*. Based on “a book” by Dashiell Hammett. That’s cold.
*. It is, of course, based on The Maltese Falcon, though it’s a very free adaptation. I guess Warner Bros. just figured that since they already had the rights to The Maltese Falcon they could film it again under a different title giving the characters different names and nobody would be any the wiser.
*. But why this title? Earlier drafts went with The Man in the Black Hat and Men on Her Mind, neither of which seem to have much relation to what’s going on. But what does Satan Met a Lady refer to? I assume the lady is Valerie Purvis (Bette Davis), but then who is Satan? Detective Ted Shane (Warren William)?
*. Bette Davis thought the film crap (or “junk,” to quote her directly) and wasn’t going to do it, but she needed the money. That’s not really an auspicious way to get started.
*. Again we are forced into making comparisons, though given the changes they made there isn’t the same sense of seeing a diminished thing as when putting the 1931 version of The Maltese Falcon alongside John Huston’s 1941 classic. This is a different film.

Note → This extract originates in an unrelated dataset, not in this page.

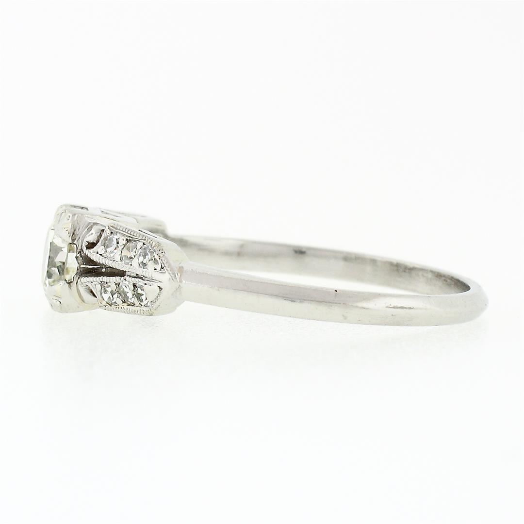 An art deco period solid platinum engagement ring, with 1 old European cut natural diamond (J - VS2; 5.26mm - 0.58ct), and 12 round single cut natural diamonds (H/I - VS1/VS2; 0.18ctw). The ring is size 7.5, weighs a total of 3.44 grams, and measures 5.4mm wide.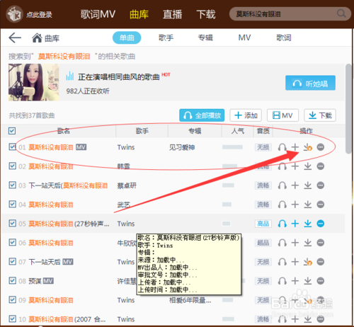 3、選擇自己想聽的歌曲版本點(diǎn)擊播放即可

*. Most of the changes are cosmetic. Instead of a Maltese falcon we’re chasing after the legendary horn of Roland, which is an artefact made of ivory and supposedly filled with precious gems. The Gutman character is now a tough old dame and Wilmer the gunsel is her babyish adult son (who is always just about to tell Shane somethin’). Joel Cairo is a proper English fellow. And the femme fatale is Bette.
*. The biggest shift, however, has to do with tone. This has always been difficult for filmmakers to get right. Only Bogart has managed to project the sense of wry cynicism and physical threat that Sam Spade needs. In the 1931 film Ricard Cortez was a bit too leering, while here Warren William seems to be auditioning for William Powell’s role in The Thin Man (a successful franchise in the mid-’30s).
*. It’s all very lighthearted and farcical, which doesn’t really fit with much of what’s going on. The cuckolding and murder of Shane’s partner, for example, is treated as a laugh. Which, when you think about it, is remarkable.
*. And I don’t mean remarkable in a good way. I mean a misfire, to the point where I’m not even sure what target they were trying to hit. There are a few things to enjoy here, like the big baby Kenny playing at being a gunman, and Bette Davis nearly succeeding in not embarassing herself, but overall this is a mess that doesn’t play well five years after the first Maltese Falcon and seems totally misguided in light of what we’d be getting next.